= What needs to be done =
Leave every picture out, then reproduce the rest of the listing exactly.
== Recorded data
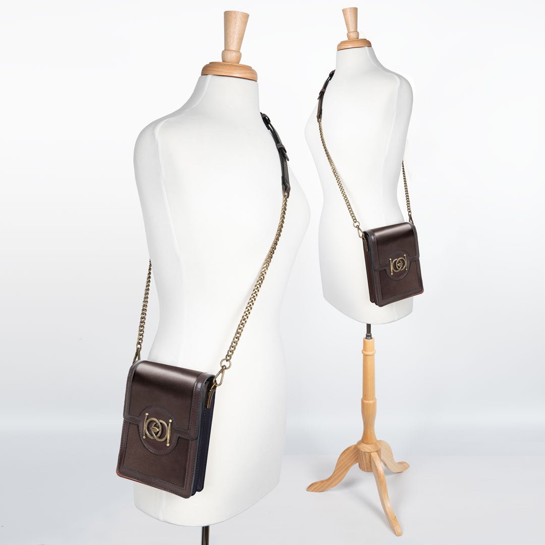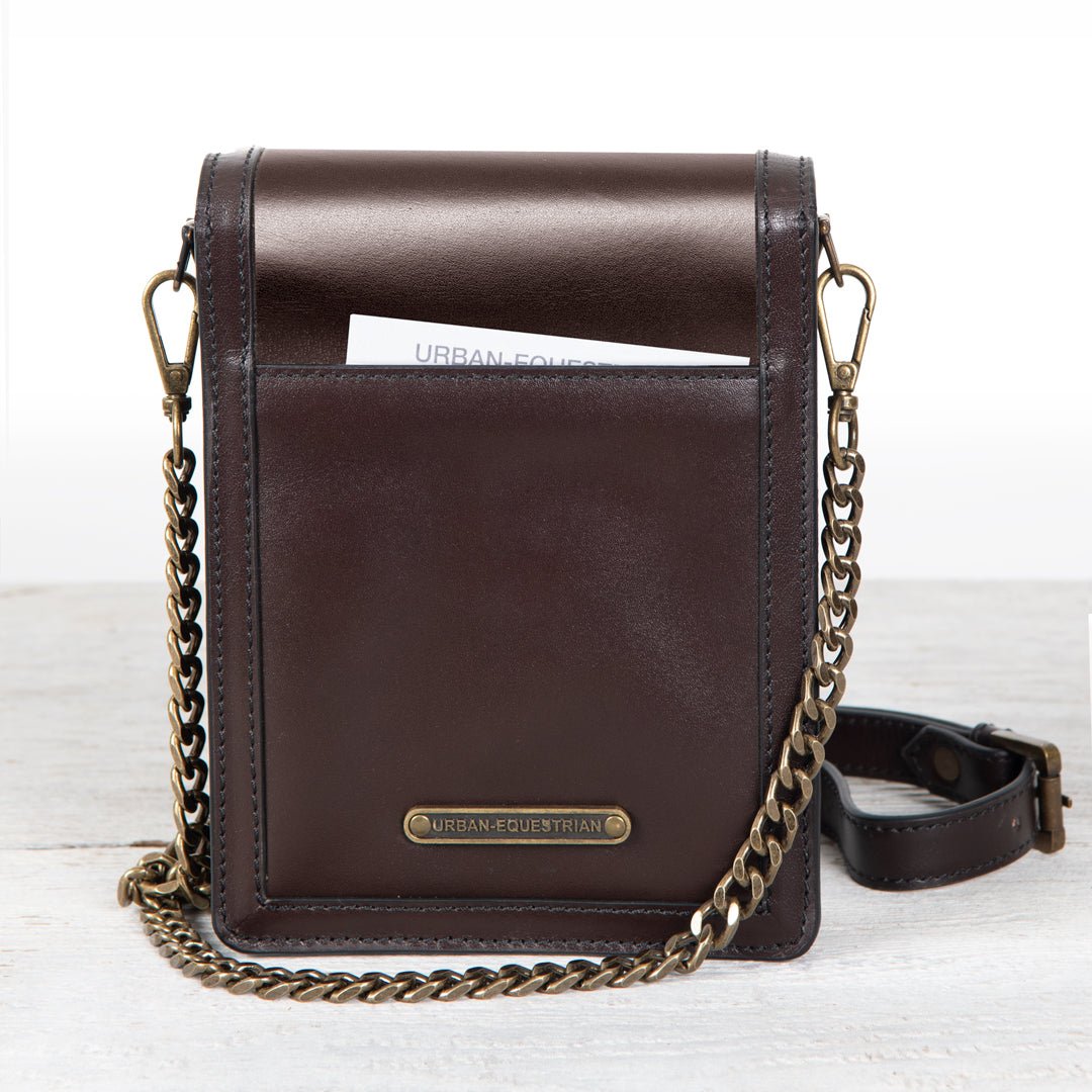 Gallop to Gala, the Talisman Horse Bit Lock Phone Bag in Brown by URBAN-EQUESTRIAN redefines modern equestrian chic. Crafted in supple brown Italian leather, this versatile crossbody highlights our signature Horse Bit Talisman logo lock—a symbol of heritage and style. The Curb Chain & Leather shoulder strap adds a bold, elegant edge, while inside, a zip pouch and card slots keep essentials organized. With its magnetic closure and polished silhouette, this equestrian leather phone bag makes an unforgettable horse lover gift.
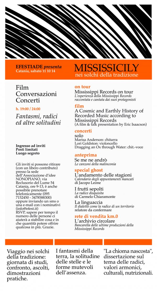 Sabato 11 settembre, a Catania (luogo segreto), Efestiade presenta Mississipi Records on tour, "Nei solchi della tradizione".
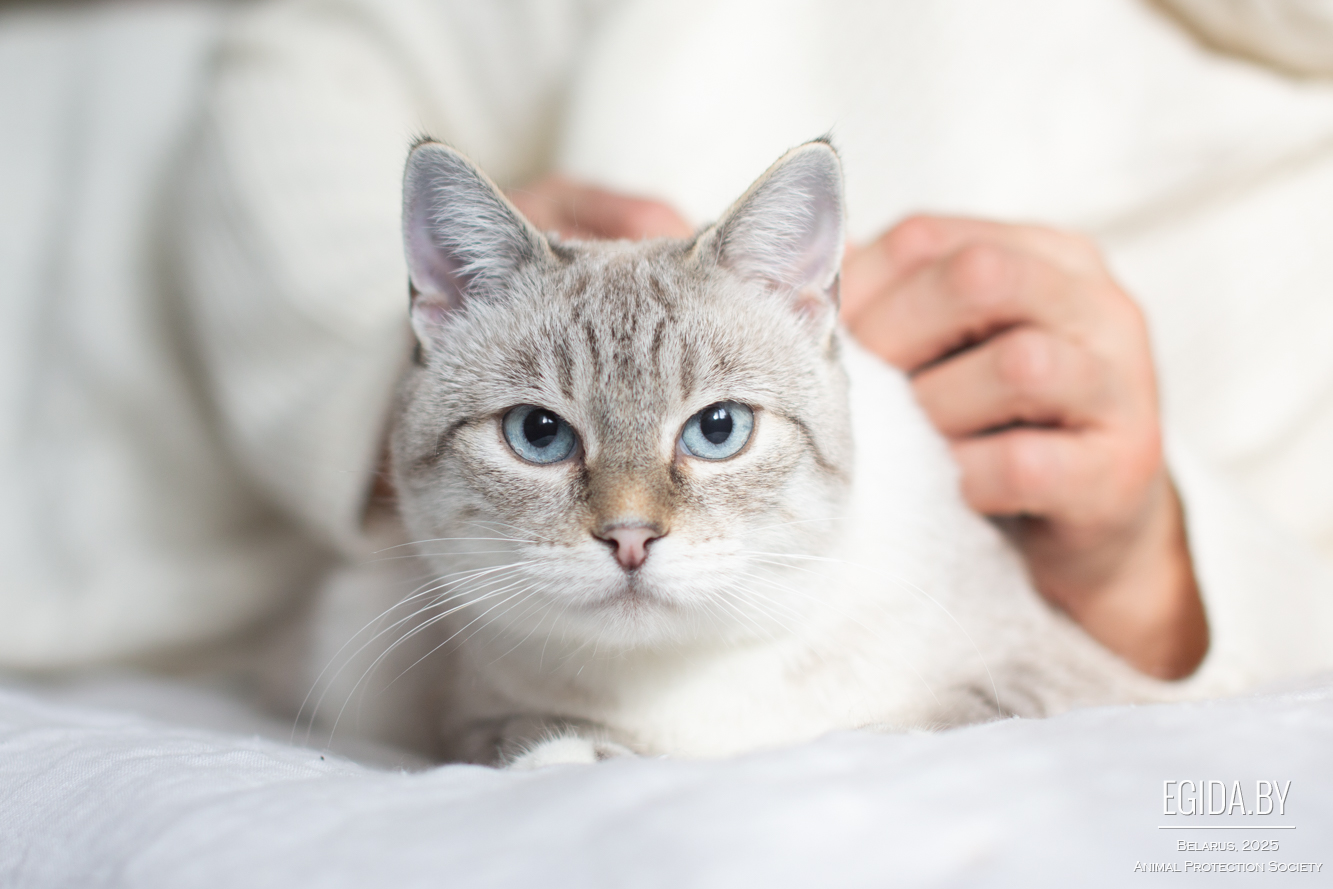 Мелания сочетает в себе всё, что хочется видеть в домашнем питомце: импозантную внешность, ум, самодостаточность и редкое внутреннее спокойствие. Голубые глаза, мягкий взгляд и лёгкая независимость — её формула обаяния. И мы очень надеемся, что её спокойное достоинство и голубые глаза растопят чьё-то сердце - и она наконец окажется там, где ей место: дома.
====
= Answer space =
 Gallop to Gala, the Talisman Horse Bit Lock Phone Bag in Brown by URBAN-EQUESTRIAN redefines modern equestrian chic. Crafted in supple brown Italian leather, this versatile crossbody highlights our signature Horse Bit Talisman logo lock—a symbol of heritage and style. The Curb Chain & Leather shoulder strap adds a bold, elegant edge, while inside, a zip pouch and card slots keep essentials organized. With its magnetic closure and polished silhouette, this equestrian leather phone bag makes an unforgettable horse lover gift.
 Sabato 11 settembre, a Catania (luogo segreto), Efestiade presenta Mississipi Records on tour, "Nei solchi della tradizione".
 Мелания сочетает в себе всё, что хочется видеть в домашнем питомце: импозантную внешность, ум, самодостаточность и редкое внутреннее спокойствие. Голубые глаза, мягкий взгляд и лёгкая независимость — её формула обаяния. И мы очень надеемся, что её спокойное достоинство и голубые глаза растопят чьё-то сердце - и она наконец окажется там, где ей место: дома.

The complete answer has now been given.